Not a perfectionist: A Conversation with Emma Gannon
The grief of burnout, outgrowing ourselves, and how to nurture happiness when everything feels bad
Intimate conversations with our greatest heart-centered minds.
Emma Gannon’s delightful The Hyphen was one of the first Substack newsletters I read. I was instantly smitten. First off, she’s a Brit. Anyone who knows me even a smidgen knows the kinship I feel with my parents’ homeland. More importantly, though, Emma is ridiculously smart, funny, kind, gifted, lovely, generous, and seems to want everyone to thrive. Like really thrive. One of the best ways she’s figured out to help accomplish this is to launch frank conversations about things that might be interfering with our thriving as well as things that boost it. She uses her own life as fodder and gently yet firmly invites us to explore our lives. Friendship, burnout, ambition, style, joy, children v. no children, hustle culture, body wisdom, good food, and more, she tackles it all. Plus, she’s a whiz on Substack and offers heaps of useful tips.
Much of her wisdom, insight, and extensive research make an appearance in her latest book The Success Myth—wherein Emma offers a fresh definition of success, one that’s contingent upon what you actually want your life to feel like rather than meeting expectations put upon you by entrenched systems that benefit from you working yourself into the ground. She tenderly but thoroughly picks apart eight common success myths from money to happiness to productivity.
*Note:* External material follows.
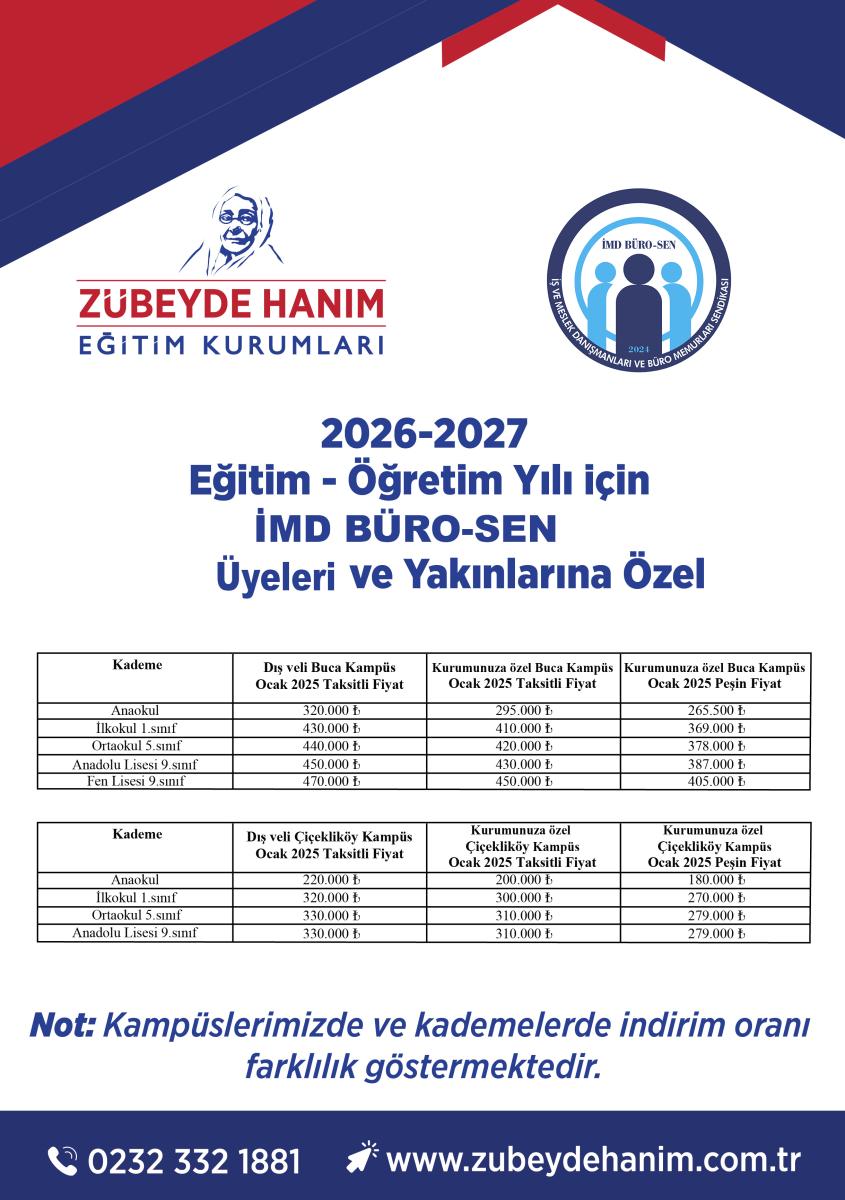İMD Büro-Sen ile Özel Zübeyde Hanım Eğitim Kurumları oarasında kurumsal indirim anlaşması yapılmıştır.
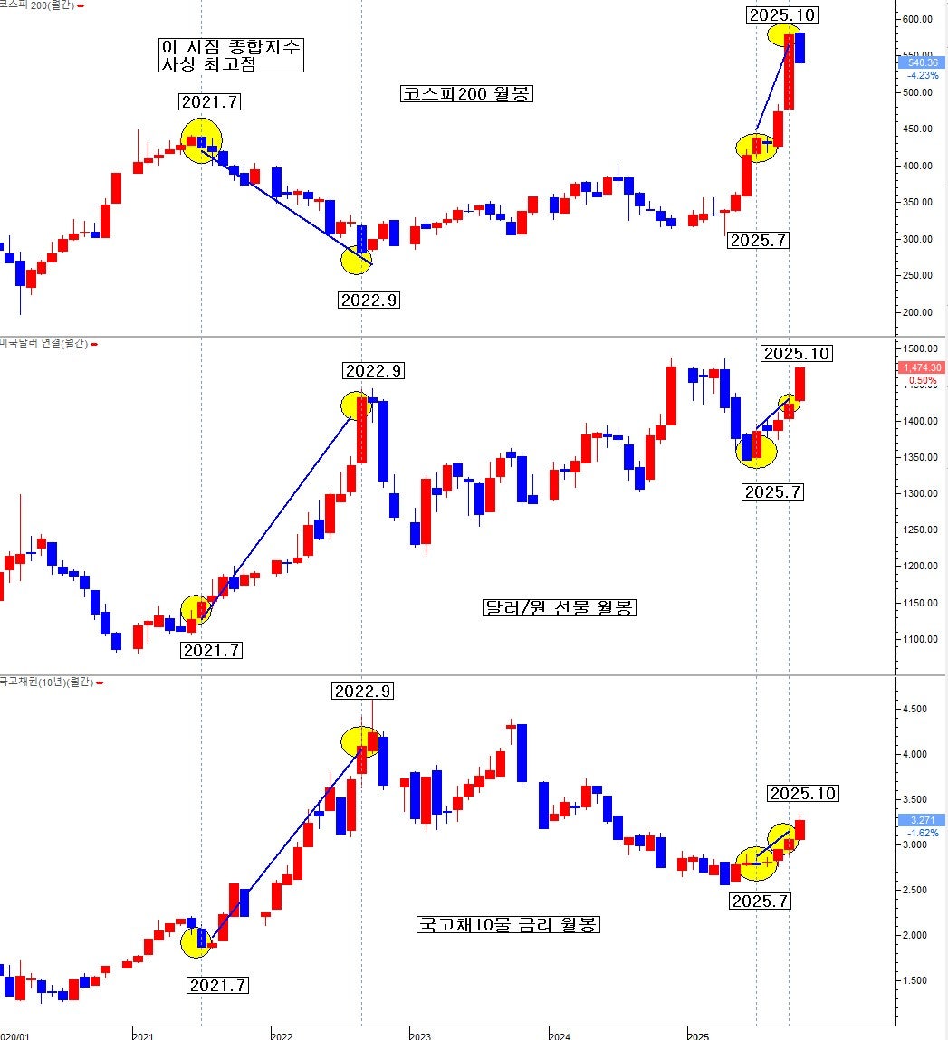 이와 동일한 현상이 2025.7-2025.10월 기간에 환 시장과 국채 시장에서 동시에 발생을 한다. 그런데 주식 시장은 동 기간 수직 폭등을 한다. 경제 상식에 기초한 이성적 반응이 아닌 비이성적 반응으로 볼 수 있다. 한국 증시 경제 역사상 환 시장과 금리 시장이 동시에 급등하면서 경고 신호를 보냄에도, 종합지수가 이렇게 사상 최고점으로 기록적으로 수직 폭등한 적은 단 한번도 없었다. 지난 7-10월이 처음이었다. 이상 현상이었다는 의미이다. 이 이상 현상은 지속할 수는 없다. 어느 시점 시장에서 그 과함을 급속히 교정하는 시점이 온다. 그 시점이 2025.11월 현재이다.

In their stead, she leaves this thought: “I believe the biggest signs of success in your life are liking yourself, rooting for yourself and back yourself.”
In addition to The Success Myth, Emma is the bestselling author of five books: The Multi-Hyphen Method (a manifesto for multi-hyphenates crafting work on their own terms), Sabotage (tips on how to silence your inner critic and get out of your own way), (Dis)connected (how to stay human in an online world), Ctrl Alt Delete (how I grew up online), and Olive (a novel exploring, amongst other things, the pros and cons of having children). Until recently, Emma hosted the ultra popular podcast Ctrl Alt Delete where she spoke with pretty much everyone you could want to speak with.
Recently, Emma experienced burnout and wrote about it here. And, of course, because she’s Emma, she’s been sharing what she’s figured out along her path to recovery. Emma is what my mom would have called, a good egg. It was such a pleasure to chat with her.
Shortly after finishing your book The Success Myth you experienced severe burnout—anxiety, panic attacks, insomnia, loss of appetite, and more. You were used to powering through everything—and felt ashamed you couldn’t power through this. Shame is such a common response when our mental, emotional, or physical health slips. Do you have thoughts on this? And where are you with your shame now?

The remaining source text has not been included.